How to complete this task
In the listing below, the lines starting at the line with "Купить ЭРА PL4" and ending at the line with "Ventilatore assiale aspirante" are to be output verbatim. Images stay out of the copy.

Input data
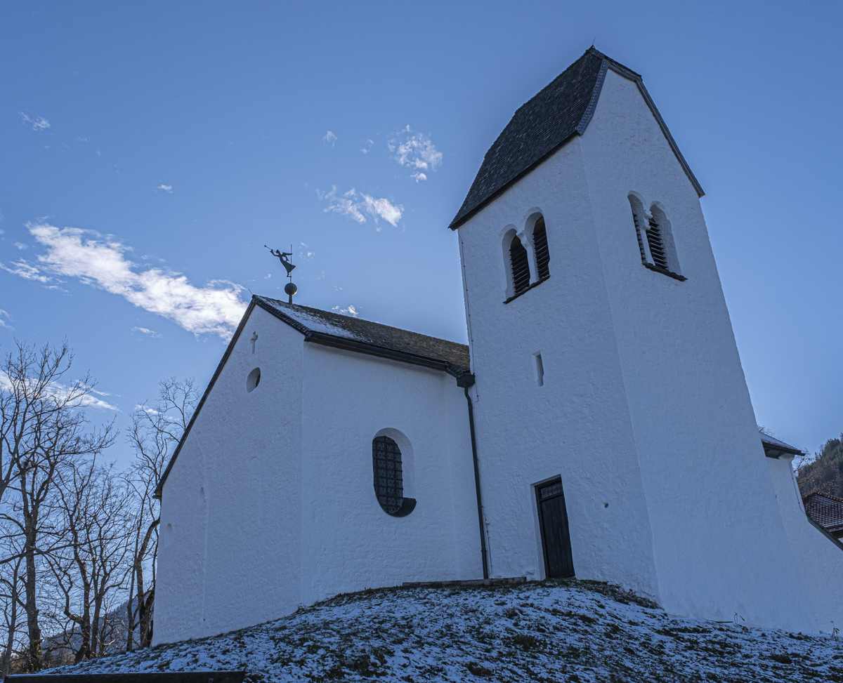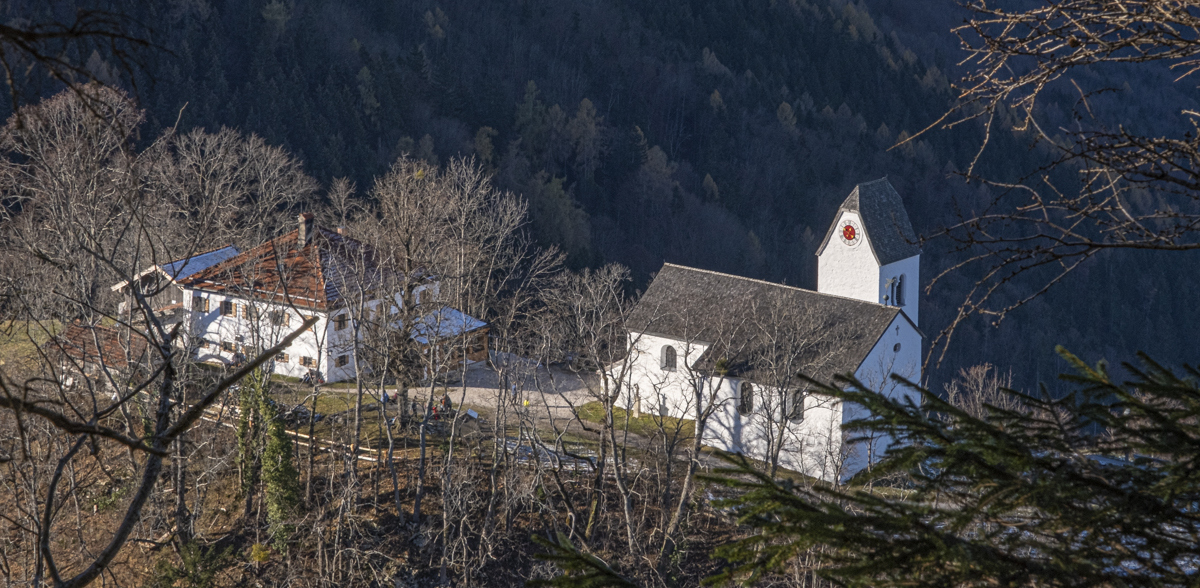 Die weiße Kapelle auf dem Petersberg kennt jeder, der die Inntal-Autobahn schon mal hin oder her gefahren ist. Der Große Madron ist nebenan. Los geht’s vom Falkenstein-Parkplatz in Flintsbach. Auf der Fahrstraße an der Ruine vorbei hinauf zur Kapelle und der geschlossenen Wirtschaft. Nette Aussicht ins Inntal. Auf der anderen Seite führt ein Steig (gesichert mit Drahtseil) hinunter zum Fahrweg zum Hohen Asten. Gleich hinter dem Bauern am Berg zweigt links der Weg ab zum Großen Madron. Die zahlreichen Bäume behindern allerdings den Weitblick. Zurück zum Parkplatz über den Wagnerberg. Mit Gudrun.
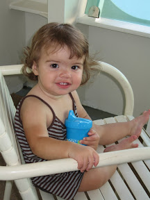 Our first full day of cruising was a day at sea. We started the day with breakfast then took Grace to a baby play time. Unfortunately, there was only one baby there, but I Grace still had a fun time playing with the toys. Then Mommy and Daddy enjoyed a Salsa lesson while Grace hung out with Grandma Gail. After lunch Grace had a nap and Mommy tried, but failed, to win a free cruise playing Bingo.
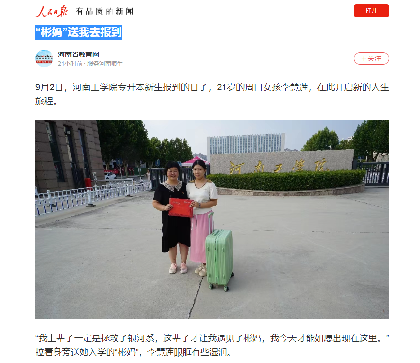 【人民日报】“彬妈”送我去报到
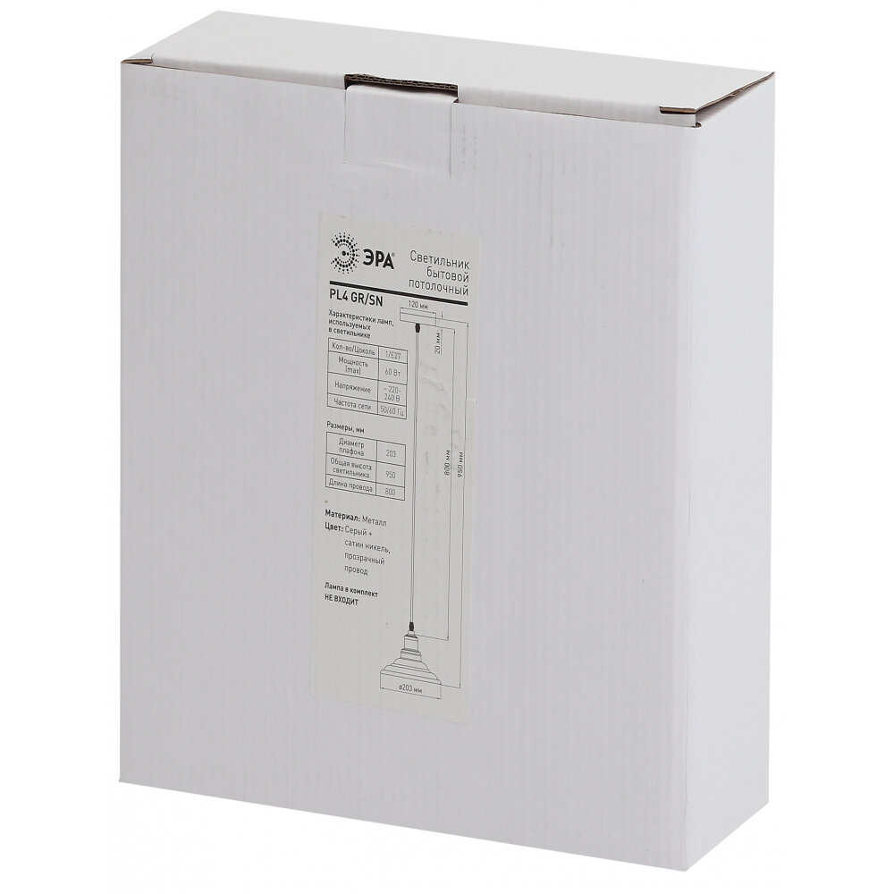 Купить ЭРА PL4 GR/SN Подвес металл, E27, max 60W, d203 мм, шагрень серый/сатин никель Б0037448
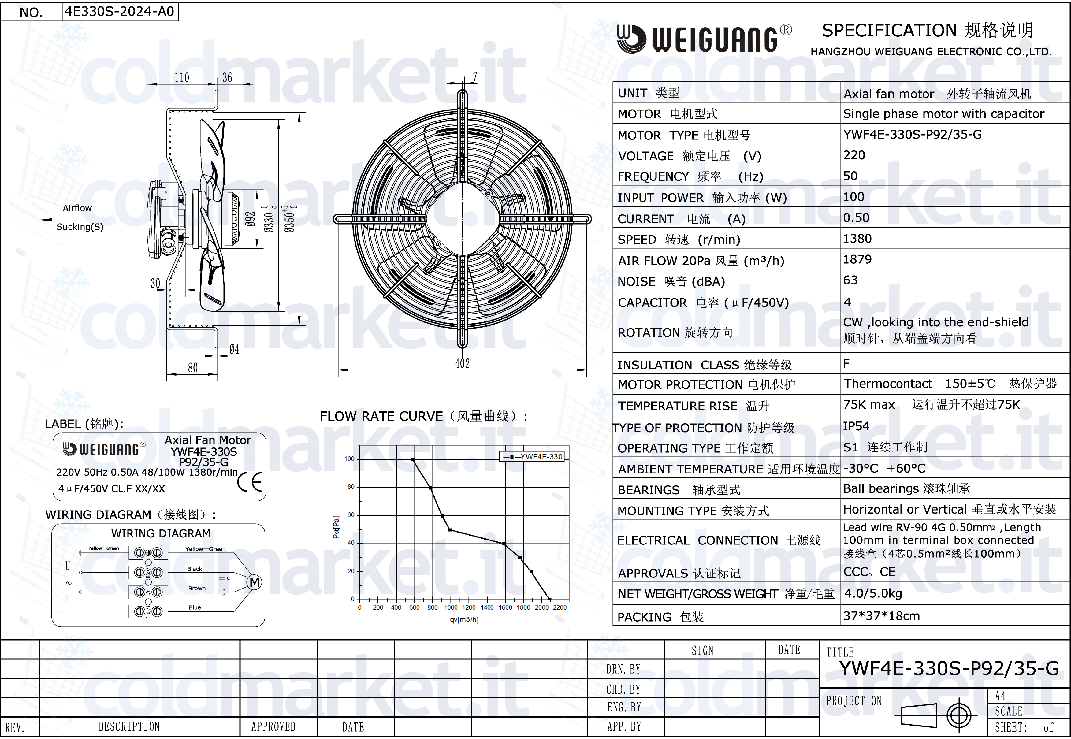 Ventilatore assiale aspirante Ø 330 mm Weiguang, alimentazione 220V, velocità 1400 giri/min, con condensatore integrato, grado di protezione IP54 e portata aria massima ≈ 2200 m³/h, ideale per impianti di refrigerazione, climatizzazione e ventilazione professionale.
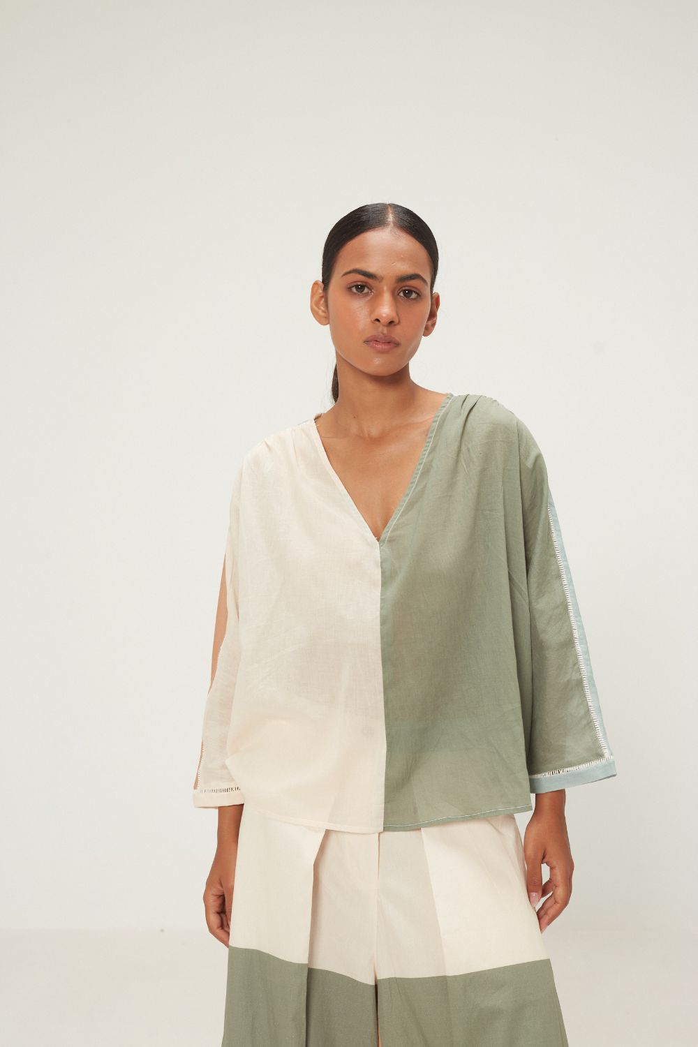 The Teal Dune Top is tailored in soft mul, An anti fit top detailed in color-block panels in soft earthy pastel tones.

Output of the exercise
 Купить ЭРА PL4 GR/SN Подвес металл, E27, max 60W, d203 мм, шагрень серый/сатин никель Б0037448
 Ventilatore assiale aspirante Ø 330 mm Weiguang, alimentazione 220V, velocità 1400 giri/min, con condensatore integrato, grado di protezione IP54 e portata aria massima ≈ 2200 m³/h, ideale per impianti di refrigerazione, climatizzazione e ventilazione professionale.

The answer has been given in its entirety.